> [The data]

· · · · · · ·

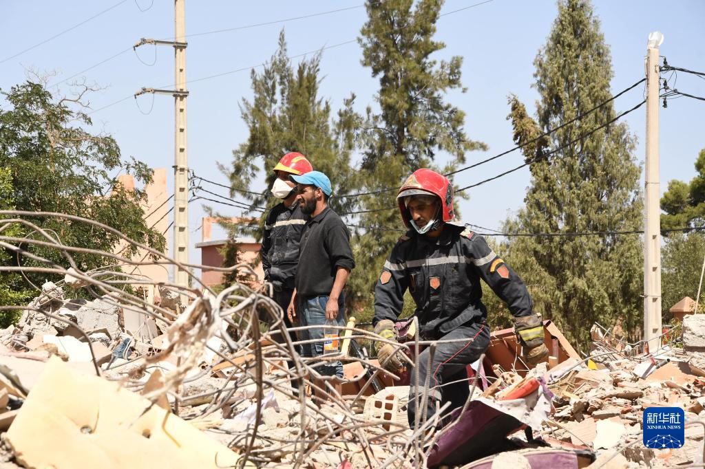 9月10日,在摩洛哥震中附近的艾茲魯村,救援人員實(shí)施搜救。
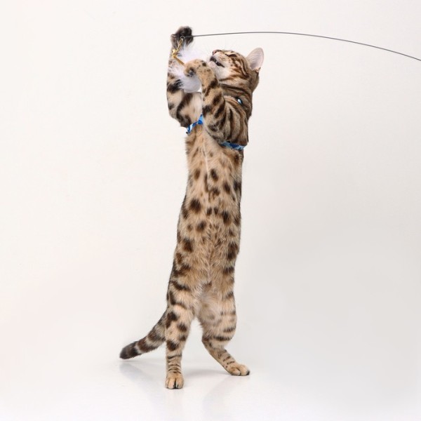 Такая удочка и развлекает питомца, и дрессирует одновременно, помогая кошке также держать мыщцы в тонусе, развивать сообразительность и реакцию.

· · · · · · ·

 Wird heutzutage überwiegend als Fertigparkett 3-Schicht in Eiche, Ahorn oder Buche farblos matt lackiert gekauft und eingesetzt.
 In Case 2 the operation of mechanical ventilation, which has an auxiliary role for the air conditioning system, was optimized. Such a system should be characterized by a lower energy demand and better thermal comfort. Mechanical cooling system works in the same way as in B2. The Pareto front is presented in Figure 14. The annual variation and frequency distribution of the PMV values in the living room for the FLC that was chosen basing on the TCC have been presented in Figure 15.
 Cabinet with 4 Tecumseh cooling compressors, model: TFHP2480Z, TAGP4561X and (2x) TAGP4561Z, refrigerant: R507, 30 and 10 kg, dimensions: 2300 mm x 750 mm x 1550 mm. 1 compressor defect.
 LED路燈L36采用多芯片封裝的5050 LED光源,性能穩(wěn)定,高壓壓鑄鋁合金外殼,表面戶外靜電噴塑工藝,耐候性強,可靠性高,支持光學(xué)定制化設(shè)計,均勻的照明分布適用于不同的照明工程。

· · · · · · ·

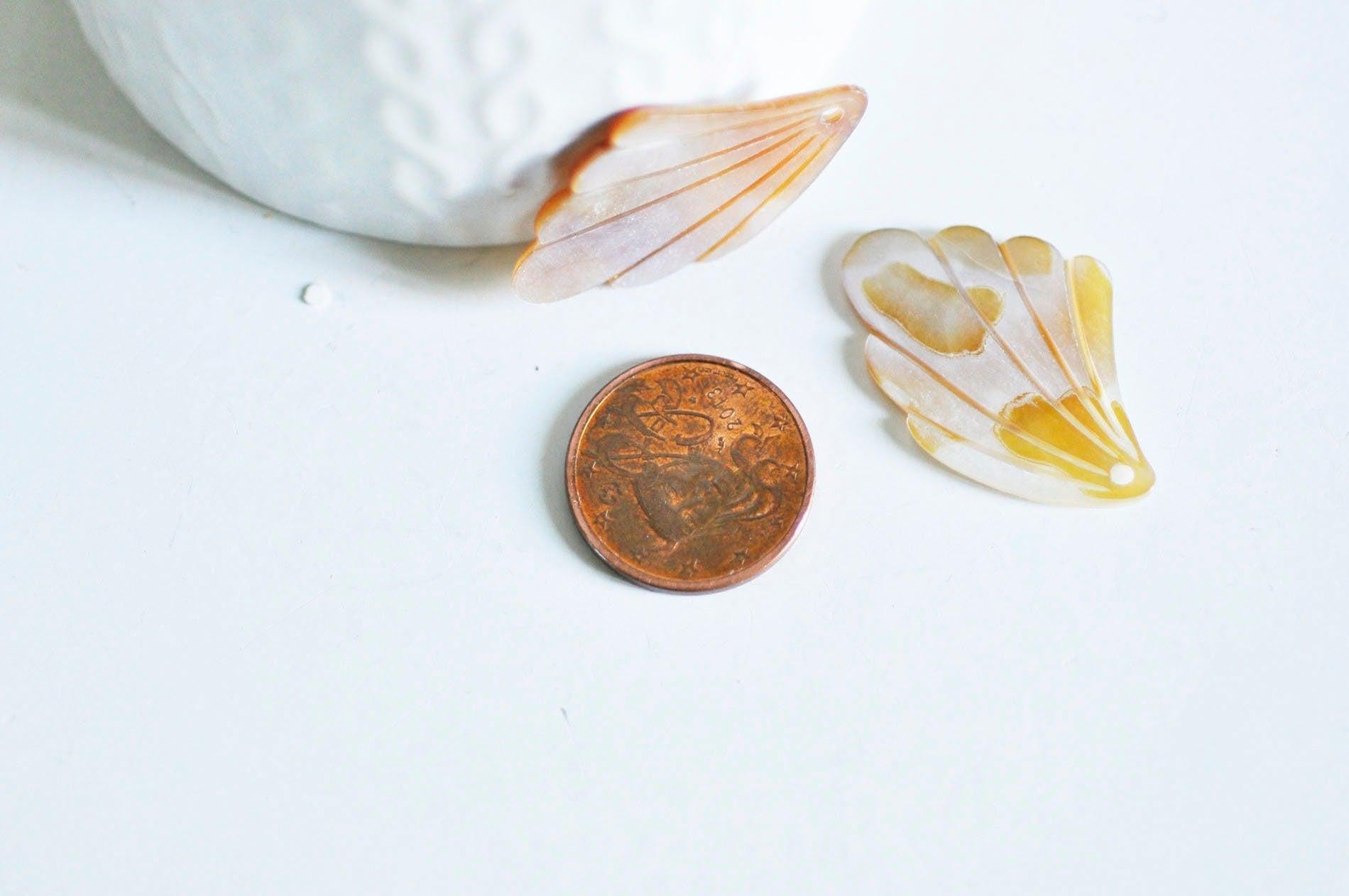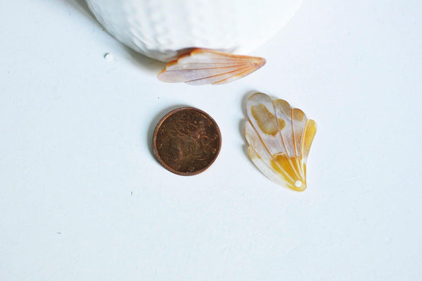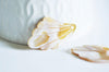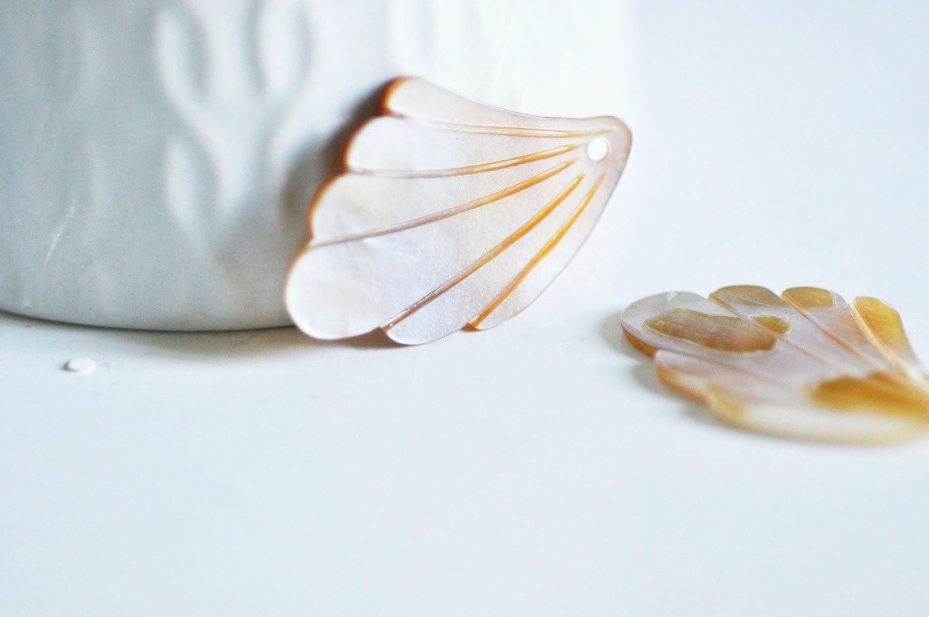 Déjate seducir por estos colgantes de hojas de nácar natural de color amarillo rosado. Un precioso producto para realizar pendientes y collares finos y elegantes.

· · · · · · ·

> [Work request] Taking the entries above, extract every line from the one bearing "9月10日,在摩洛哥震中附近的艾茲魯村,救援人員實(shí)施搜救。" through the one bearing "Такая удочка и", exactly, with no pictures.

> [Solution below]
 9月10日,在摩洛哥震中附近的艾茲魯村,救援人員實(shí)施搜救。
 Такая удочка и развлекает питомца, и дрессирует одновременно, помогая кошке также держать мыщцы в тонусе, развивать сообразительность и реакцию.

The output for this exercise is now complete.